Transcribe the records below in their entirety, and leave out each image.

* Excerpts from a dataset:

+--

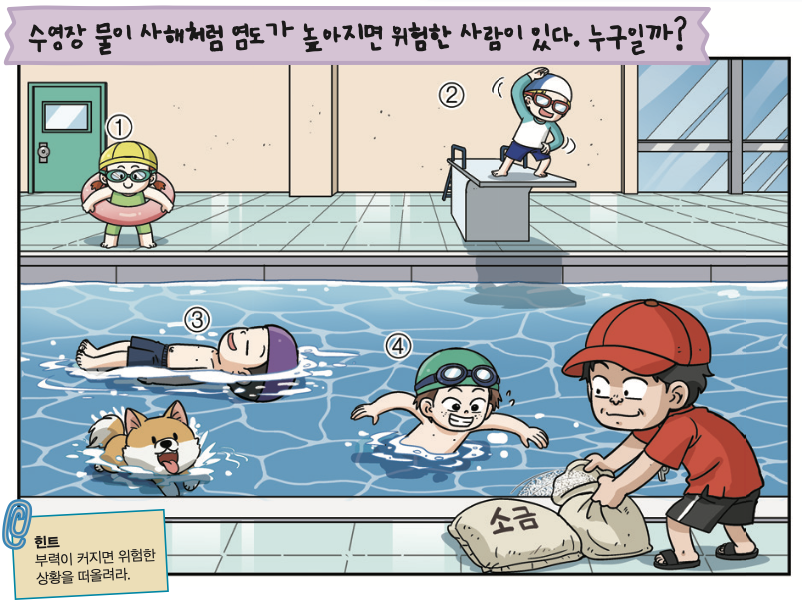그런데 수영장 물맛이 너무 짰다. 옆을 둘러보니 수영장 관리인이 수영장 물에 소금을 풀고 있었다.
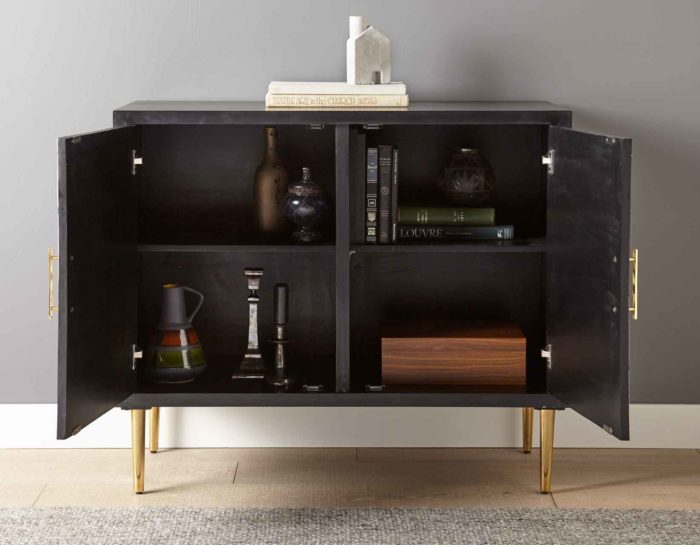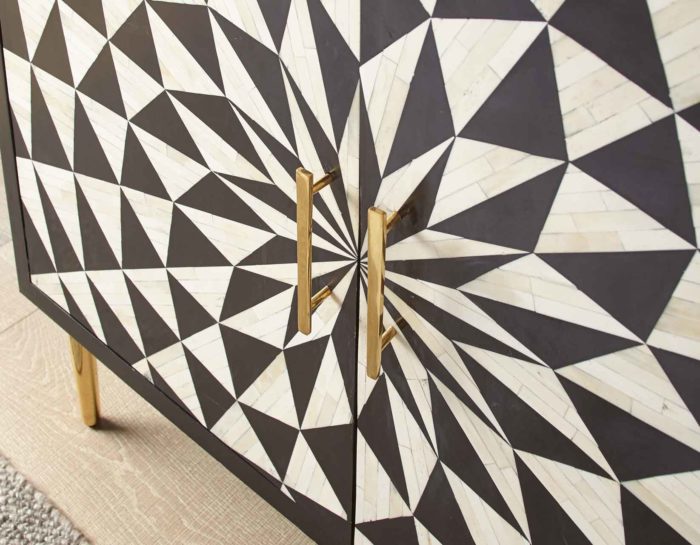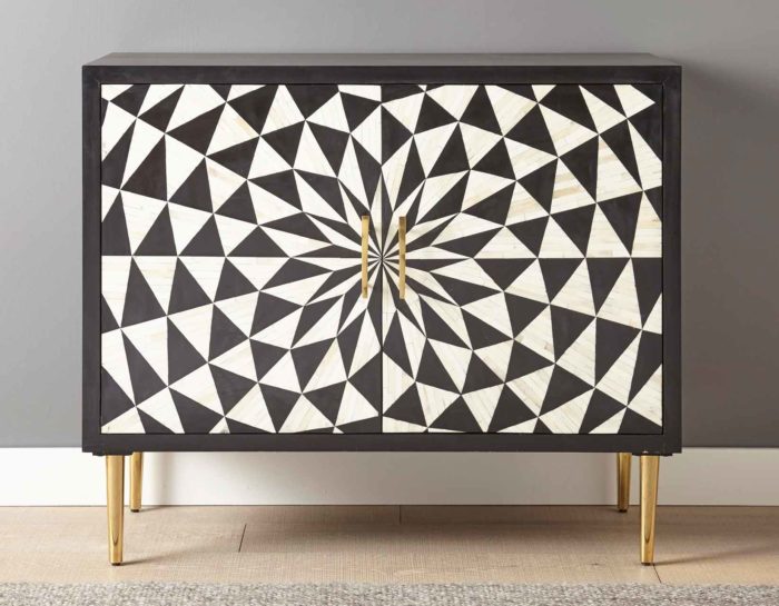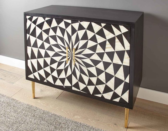 Modern elegance with an Art Deco design, Benzara represents a timeless style in a functional Accent Cabinet. This piece is sure to become the centerpiece of any room with its kaleidoscope of black and white bone and resin shards that adorn the front doors. Brass tapered legs and modern hardware warm the piece and enhance the feel of old Hollywood glamour. Two adjustable shelves provide storage for sweaters, clothing or even electronics to provide the ultimate in functionality and style.
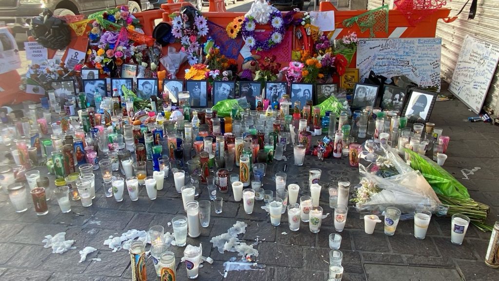 El sitio, que permaneció acordonado bajo resguardo de la Fiscalía General de Justicia del Estado, volvió a abrirse parcialmente al tránsito vehicular y peatonal, mientras continuaban las muestras de dolor y los altares improvisados en memoria de las víctimas frente a lo que fue la tienda Waldo’s.
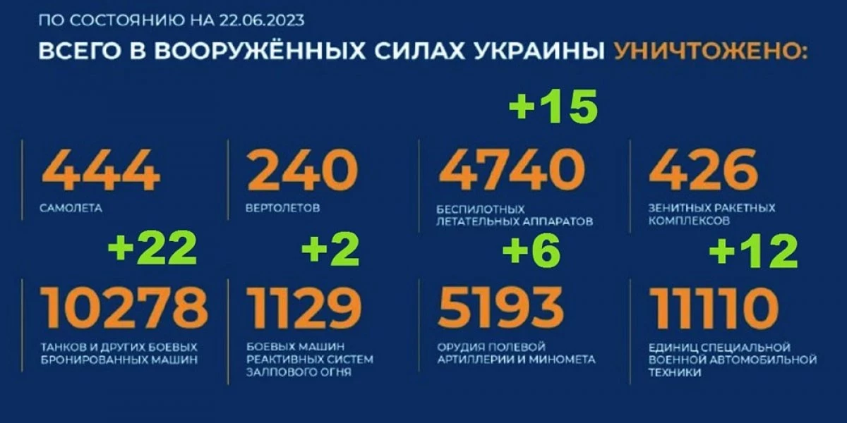Актуальный брифинг Министерства обороны РФ о ходе проведения специальной военной операции на территории Украины по состоянию на 22 июня 2023 года. Сводка боевых действий на Украине.
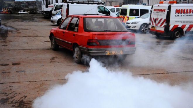Simon Chaplin, 62, from Hebron, flicked a switch in his Peugeot 309 near Haverfordwest, Pembrokeshire to release a "colossal" amount of exhaust smoke.
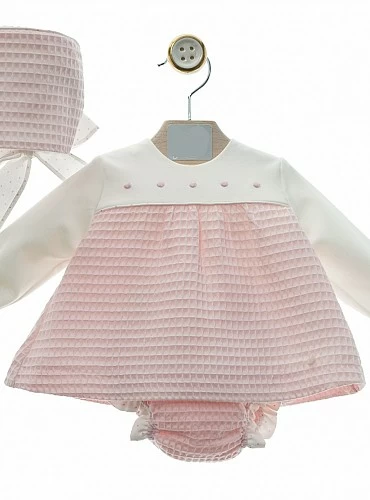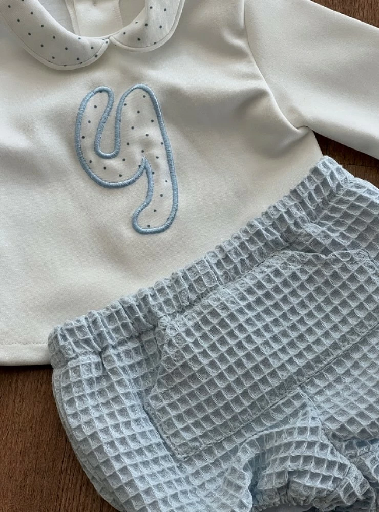 Ecru t-shirt with collar and embroidery in powder blue polka dots to match the padded piqué bloomer
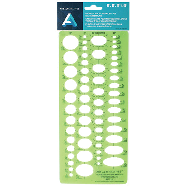 The Art Alternatives Ellipse Template is a flexible, 0.03" thin green plastic drafting template with a matte finish on one side to reduce glare. This template includes 60 ellipses from ¼" to 2 ¾" in projections of 25° , 35° , 45° , and 60° . It includes fractional and decimal inch markings plus metric equivalents, centering lines for precision placement and built-in ink risers for smear-free drawing in pen or pencil. The allowance on all openings is designed for use with 0.5 mm pencil lead or pen point.

+--

* FINAL ANSWER:
그런데 수영장 물맛이 너무 짰다. 옆을 둘러보니 수영장 관리인이 수영장 물에 소금을 풀고 있었다.
 Modern elegance with an Art Deco design, Benzara represents a timeless style in a functional Accent Cabinet. This piece is sure to become the centerpiece of any room with its kaleidoscope of black and white bone and resin shards that adorn the front doors. Brass tapered legs and modern hardware warm the piece and enhance the feel of old Hollywood glamour. Two adjustable shelves provide storage for sweaters, clothing or even electronics to provide the ultimate in functionality and style.
 El sitio, que permaneció acordonado bajo resguardo de la Fiscalía General de Justicia del Estado, volvió a abrirse parcialmente al tránsito vehicular y peatonal, mientras continuaban las muestras de dolor y los altares improvisados en memoria de las víctimas frente a lo que fue la tienda Waldo’s.
Актуальный брифинг Министерства обороны РФ о ходе проведения специальной военной операции на территории Украины по состоянию на 22 июня 2023 года. Сводка боевых действий на Украине.
Simon Chaplin, 62, from Hebron, flicked a switch in his Peugeot 309 near Haverfordwest, Pembrokeshire to release a "colossal" amount of exhaust smoke.
 Ecru t-shirt with collar and embroidery in powder blue polka dots to match the padded piqué bloomer
 The Art Alternatives Ellipse Template is a flexible, 0.03" thin green plastic drafting template with a matte finish on one side to reduce glare. This template includes 60 ellipses from ¼" to 2 ¾" in projections of 25° , 35° , 45° , and 60° . It includes fractional and decimal inch markings plus metric equivalents, centering lines for precision placement and built-in ink risers for smear-free drawing in pen or pencil. The allowance on all openings is designed for use with 0.5 mm pencil lead or pen point.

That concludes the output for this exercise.